[[ Material for this task, beginning ]]

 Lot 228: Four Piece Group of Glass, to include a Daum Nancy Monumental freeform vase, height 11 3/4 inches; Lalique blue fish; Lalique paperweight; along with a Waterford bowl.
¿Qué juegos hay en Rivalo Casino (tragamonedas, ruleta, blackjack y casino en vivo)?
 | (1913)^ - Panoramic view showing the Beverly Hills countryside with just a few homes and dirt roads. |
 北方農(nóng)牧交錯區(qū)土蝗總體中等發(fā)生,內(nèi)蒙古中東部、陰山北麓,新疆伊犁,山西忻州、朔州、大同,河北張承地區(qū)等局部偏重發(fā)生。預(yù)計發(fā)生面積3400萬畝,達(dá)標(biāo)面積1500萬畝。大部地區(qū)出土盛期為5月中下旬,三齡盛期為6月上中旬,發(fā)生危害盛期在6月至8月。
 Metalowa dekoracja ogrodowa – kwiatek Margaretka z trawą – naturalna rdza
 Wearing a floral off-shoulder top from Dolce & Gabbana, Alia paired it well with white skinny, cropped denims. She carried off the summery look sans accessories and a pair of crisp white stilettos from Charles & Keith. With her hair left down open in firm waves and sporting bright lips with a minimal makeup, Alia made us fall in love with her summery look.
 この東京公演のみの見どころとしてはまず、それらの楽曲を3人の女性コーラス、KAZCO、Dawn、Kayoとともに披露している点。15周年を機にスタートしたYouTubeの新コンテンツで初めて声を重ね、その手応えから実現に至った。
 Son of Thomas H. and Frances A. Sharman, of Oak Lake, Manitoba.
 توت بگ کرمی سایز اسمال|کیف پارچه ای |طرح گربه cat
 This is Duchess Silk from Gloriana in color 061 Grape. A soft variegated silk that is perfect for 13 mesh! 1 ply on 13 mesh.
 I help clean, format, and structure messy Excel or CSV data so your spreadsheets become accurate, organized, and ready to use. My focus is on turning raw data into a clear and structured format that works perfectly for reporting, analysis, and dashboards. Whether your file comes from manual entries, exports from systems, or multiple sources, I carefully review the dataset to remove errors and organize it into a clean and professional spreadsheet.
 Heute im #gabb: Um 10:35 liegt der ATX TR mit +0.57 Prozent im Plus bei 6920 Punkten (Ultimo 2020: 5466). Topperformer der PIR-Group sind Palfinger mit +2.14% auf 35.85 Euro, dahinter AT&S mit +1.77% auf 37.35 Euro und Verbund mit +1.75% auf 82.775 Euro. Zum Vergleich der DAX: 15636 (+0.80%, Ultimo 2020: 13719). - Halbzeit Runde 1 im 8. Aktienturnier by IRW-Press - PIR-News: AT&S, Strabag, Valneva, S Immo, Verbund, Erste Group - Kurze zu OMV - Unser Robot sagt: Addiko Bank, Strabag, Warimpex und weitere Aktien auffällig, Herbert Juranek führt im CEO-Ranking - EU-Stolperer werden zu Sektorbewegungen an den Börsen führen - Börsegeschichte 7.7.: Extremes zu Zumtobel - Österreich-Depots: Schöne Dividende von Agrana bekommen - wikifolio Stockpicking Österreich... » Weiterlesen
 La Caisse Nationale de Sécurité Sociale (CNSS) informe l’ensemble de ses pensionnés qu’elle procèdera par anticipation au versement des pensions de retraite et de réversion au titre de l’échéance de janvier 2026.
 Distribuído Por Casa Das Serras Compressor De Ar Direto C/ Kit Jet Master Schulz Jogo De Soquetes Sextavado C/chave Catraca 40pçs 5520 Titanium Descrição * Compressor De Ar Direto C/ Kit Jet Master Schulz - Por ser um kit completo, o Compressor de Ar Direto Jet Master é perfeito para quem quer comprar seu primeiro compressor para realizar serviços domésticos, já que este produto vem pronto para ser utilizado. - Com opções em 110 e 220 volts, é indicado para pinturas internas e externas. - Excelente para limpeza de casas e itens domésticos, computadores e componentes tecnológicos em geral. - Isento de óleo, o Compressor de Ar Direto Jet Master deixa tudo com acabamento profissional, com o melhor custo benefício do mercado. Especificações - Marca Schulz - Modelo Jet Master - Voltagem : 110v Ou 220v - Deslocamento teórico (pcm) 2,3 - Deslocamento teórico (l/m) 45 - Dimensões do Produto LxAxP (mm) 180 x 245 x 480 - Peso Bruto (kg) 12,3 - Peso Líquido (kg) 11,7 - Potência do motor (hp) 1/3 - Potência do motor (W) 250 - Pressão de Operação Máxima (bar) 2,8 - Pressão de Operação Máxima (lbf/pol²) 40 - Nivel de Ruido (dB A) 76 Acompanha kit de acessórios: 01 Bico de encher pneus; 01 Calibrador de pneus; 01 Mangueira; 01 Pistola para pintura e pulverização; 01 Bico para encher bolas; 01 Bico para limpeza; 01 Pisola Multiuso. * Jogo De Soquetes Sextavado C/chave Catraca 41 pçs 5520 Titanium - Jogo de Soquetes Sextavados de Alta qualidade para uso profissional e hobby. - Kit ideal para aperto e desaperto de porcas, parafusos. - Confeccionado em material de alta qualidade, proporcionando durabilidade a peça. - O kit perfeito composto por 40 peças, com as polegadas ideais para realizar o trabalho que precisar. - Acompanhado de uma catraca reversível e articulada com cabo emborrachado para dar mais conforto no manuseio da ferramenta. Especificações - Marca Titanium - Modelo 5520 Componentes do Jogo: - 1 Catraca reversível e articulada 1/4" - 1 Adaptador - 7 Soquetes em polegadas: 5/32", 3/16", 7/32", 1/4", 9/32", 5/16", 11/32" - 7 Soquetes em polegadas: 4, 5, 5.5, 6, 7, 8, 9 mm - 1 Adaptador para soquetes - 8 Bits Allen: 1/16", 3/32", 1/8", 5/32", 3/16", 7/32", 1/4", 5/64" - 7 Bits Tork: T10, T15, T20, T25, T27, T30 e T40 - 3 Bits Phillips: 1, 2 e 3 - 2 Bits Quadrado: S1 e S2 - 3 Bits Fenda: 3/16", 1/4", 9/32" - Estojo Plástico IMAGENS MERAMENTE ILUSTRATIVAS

[[ Material for this task, end ]]

__Exercise details__.
Output an identical copy of every record above.

__Solution to this task__.
 Lot 228: Four Piece Group of Glass, to include a Daum Nancy Monumental freeform vase, height 11 3/4 inches; Lalique blue fish; Lalique paperweight; along with a Waterford bowl.
¿Qué juegos hay en Rivalo Casino (tragamonedas, ruleta, blackjack y casino en vivo)?
 | (1913)^ - Panoramic view showing the Beverly Hills countryside with just a few homes and dirt roads. |
 北方農(nóng)牧交錯區(qū)土蝗總體中等發(fā)生,內(nèi)蒙古中東部、陰山北麓,新疆伊犁,山西忻州、朔州、大同,河北張承地區(qū)等局部偏重發(fā)生。預(yù)計發(fā)生面積3400萬畝,達(dá)標(biāo)面積1500萬畝。大部地區(qū)出土盛期為5月中下旬,三齡盛期為6月上中旬,發(fā)生危害盛期在6月至8月。
 Metalowa dekoracja ogrodowa – kwiatek Margaretka z trawą – naturalna rdza
 Wearing a floral off-shoulder top from Dolce & Gabbana, Alia paired it well with white skinny, cropped denims. She carried off the summery look sans accessories and a pair of crisp white stilettos from Charles & Keith. With her hair left down open in firm waves and sporting bright lips with a minimal makeup, Alia made us fall in love with her summery look.
 この東京公演のみの見どころとしてはまず、それらの楽曲を3人の女性コーラス、KAZCO、Dawn、Kayoとともに披露している点。15周年を機にスタートしたYouTubeの新コンテンツで初めて声を重ね、その手応えから実現に至った。
 Son of Thomas H. and Frances A. Sharman, of Oak Lake, Manitoba.
 توت بگ کرمی سایز اسمال|کیف پارچه ای |طرح گربه cat
 This is Duchess Silk from Gloriana in color 061 Grape. A soft variegated silk that is perfect for 13 mesh! 1 ply on 13 mesh.
 I help clean, format, and structure messy Excel or CSV data so your spreadsheets become accurate, organized, and ready to use. My focus is on turning raw data into a clear and structured format that works perfectly for reporting, analysis, and dashboards. Whether your file comes from manual entries, exports from systems, or multiple sources, I carefully review the dataset to remove errors and organize it into a clean and professional spreadsheet.
 Heute im #gabb: Um 10:35 liegt der ATX TR mit +0.57 Prozent im Plus bei 6920 Punkten (Ultimo 2020: 5466). Topperformer der PIR-Group sind Palfinger mit +2.14% auf 35.85 Euro, dahinter AT&S mit +1.77% auf 37.35 Euro und Verbund mit +1.75% auf 82.775 Euro. Zum Vergleich der DAX: 15636 (+0.80%, Ultimo 2020: 13719). - Halbzeit Runde 1 im 8. Aktienturnier by IRW-Press - PIR-News: AT&S, Strabag, Valneva, S Immo, Verbund, Erste Group - Kurze zu OMV - Unser Robot sagt: Addiko Bank, Strabag, Warimpex und weitere Aktien auffällig, Herbert Juranek führt im CEO-Ranking - EU-Stolperer werden zu Sektorbewegungen an den Börsen führen - Börsegeschichte 7.7.: Extremes zu Zumtobel - Österreich-Depots: Schöne Dividende von Agrana bekommen - wikifolio Stockpicking Österreich... » Weiterlesen
 La Caisse Nationale de Sécurité Sociale (CNSS) informe l’ensemble de ses pensionnés qu’elle procèdera par anticipation au versement des pensions de retraite et de réversion au titre de l’échéance de janvier 2026.
 Distribuído Por Casa Das Serras Compressor De Ar Direto C/ Kit Jet Master Schulz Jogo De Soquetes Sextavado C/chave Catraca 40pçs 5520 Titanium Descrição * Compressor De Ar Direto C/ Kit Jet Master Schulz - Por ser um kit completo, o Compressor de Ar Direto Jet Master é perfeito para quem quer comprar seu primeiro compressor para realizar serviços domésticos, já que este produto vem pronto para ser utilizado. - Com opções em 110 e 220 volts, é indicado para pinturas internas e externas. - Excelente para limpeza de casas e itens domésticos, computadores e componentes tecnológicos em geral. - Isento de óleo, o Compressor de Ar Direto Jet Master deixa tudo com acabamento profissional, com o melhor custo benefício do mercado. Especificações - Marca Schulz - Modelo Jet Master - Voltagem : 110v Ou 220v - Deslocamento teórico (pcm) 2,3 - Deslocamento teórico (l/m) 45 - Dimensões do Produto LxAxP (mm) 180 x 245 x 480 - Peso Bruto (kg) 12,3 - Peso Líquido (kg) 11,7 - Potência do motor (hp) 1/3 - Potência do motor (W) 250 - Pressão de Operação Máxima (bar) 2,8 - Pressão de Operação Máxima (lbf/pol²) 40 - Nivel de Ruido (dB A) 76 Acompanha kit de acessórios: 01 Bico de encher pneus; 01 Calibrador de pneus; 01 Mangueira; 01 Pistola para pintura e pulverização; 01 Bico para encher bolas; 01 Bico para limpeza; 01 Pisola Multiuso. * Jogo De Soquetes Sextavado C/chave Catraca 41 pçs 5520 Titanium - Jogo de Soquetes Sextavados de Alta qualidade para uso profissional e hobby. - Kit ideal para aperto e desaperto de porcas, parafusos. - Confeccionado em material de alta qualidade, proporcionando durabilidade a peça. - O kit perfeito composto por 40 peças, com as polegadas ideais para realizar o trabalho que precisar. - Acompanhado de uma catraca reversível e articulada com cabo emborrachado para dar mais conforto no manuseio da ferramenta. Especificações - Marca Titanium - Modelo 5520 Componentes do Jogo: - 1 Catraca reversível e articulada 1/4" - 1 Adaptador - 7 Soquetes em polegadas: 5/32", 3/16", 7/32", 1/4", 9/32", 5/16", 11/32" - 7 Soquetes em polegadas: 4, 5, 5.5, 6, 7, 8, 9 mm - 1 Adaptador para soquetes - 8 Bits Allen: 1/16", 3/32", 1/8", 5/32", 3/16", 7/32", 1/4", 5/64" - 7 Bits Tork: T10, T15, T20, T25, T27, T30 e T40 - 3 Bits Phillips: 1, 2 e 3 - 2 Bits Quadrado: S1 e S2 - 3 Bits Fenda: 3/16", 1/4", 9/32" - Estojo Plástico IMAGENS MERAMENTE ILUSTRATIVAS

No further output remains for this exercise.